## DESCRIPTION OF THE TASK
Give back each entry unchanged, minus pictures.

## RECORDS SUPPLIED
● ● ●

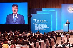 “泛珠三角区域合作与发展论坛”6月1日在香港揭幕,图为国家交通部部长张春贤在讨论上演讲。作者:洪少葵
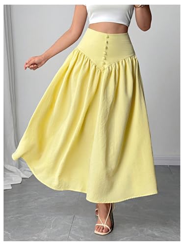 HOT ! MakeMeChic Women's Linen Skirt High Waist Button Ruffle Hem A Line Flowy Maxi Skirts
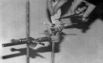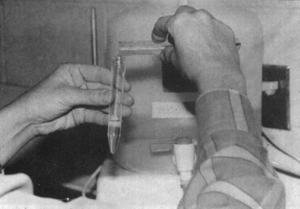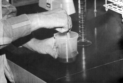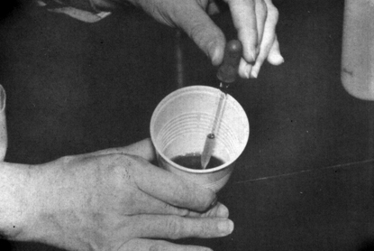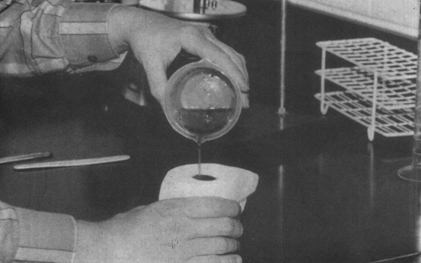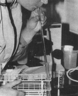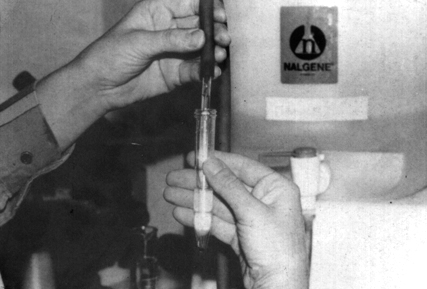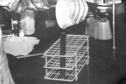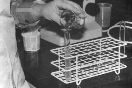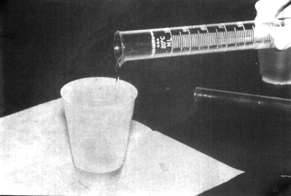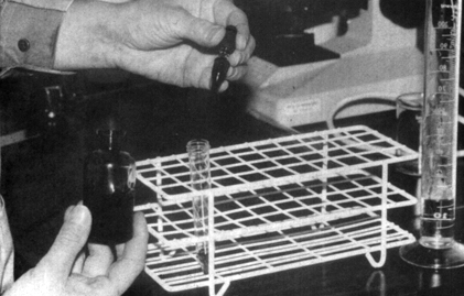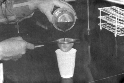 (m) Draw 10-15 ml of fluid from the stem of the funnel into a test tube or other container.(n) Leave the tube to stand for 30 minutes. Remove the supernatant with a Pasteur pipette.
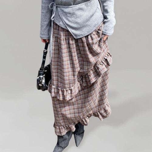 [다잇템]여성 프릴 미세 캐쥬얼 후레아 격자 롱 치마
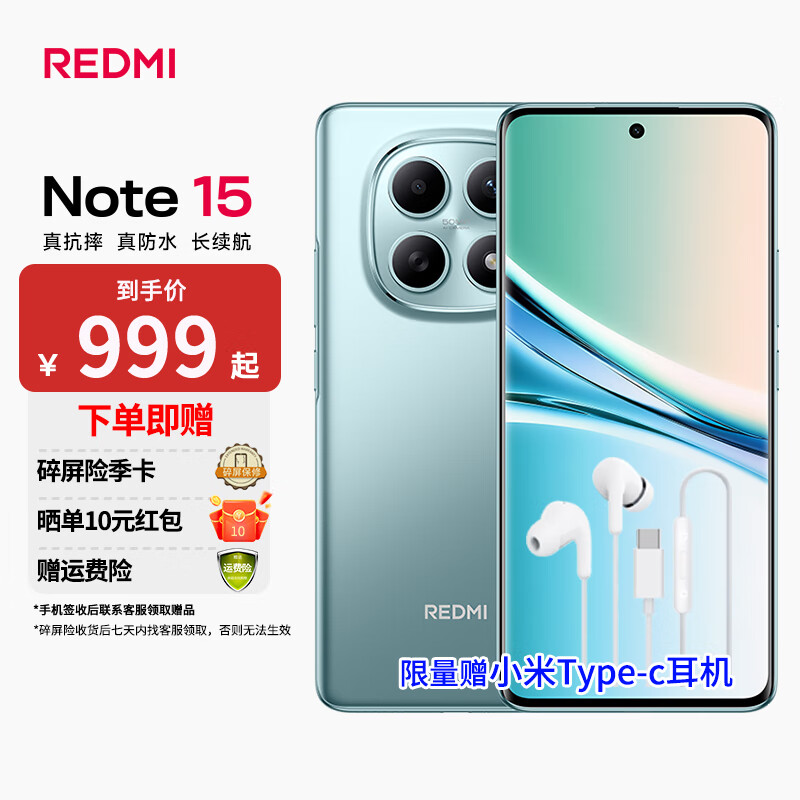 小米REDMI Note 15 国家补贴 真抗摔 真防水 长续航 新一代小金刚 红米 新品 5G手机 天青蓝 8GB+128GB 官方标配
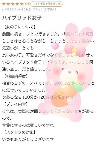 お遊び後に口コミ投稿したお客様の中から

● ● ●

## RESULT OF THIS TASK
 “泛珠三角区域合作与发展论坛”6月1日在香港揭幕,图为国家交通部部长张春贤在讨论上演讲。作者:洪少葵
 HOT ! MakeMeChic Women's Linen Skirt High Waist Button Ruffle Hem A Line Flowy Maxi Skirts
 (m) Draw 10-15 ml of fluid from the stem of the funnel into a test tube or other container.(n) Leave the tube to stand for 30 minutes. Remove the supernatant with a Pasteur pipette.
 [다잇템]여성 프릴 미세 캐쥬얼 후레아 격자 롱 치마
 小米REDMI Note 15 国家补贴 真抗摔 真防水 长续航 新一代小金刚 红米 新品 5G手机 天青蓝 8GB+128GB 官方标配
 お遊び後に口コミ投稿したお客様の中から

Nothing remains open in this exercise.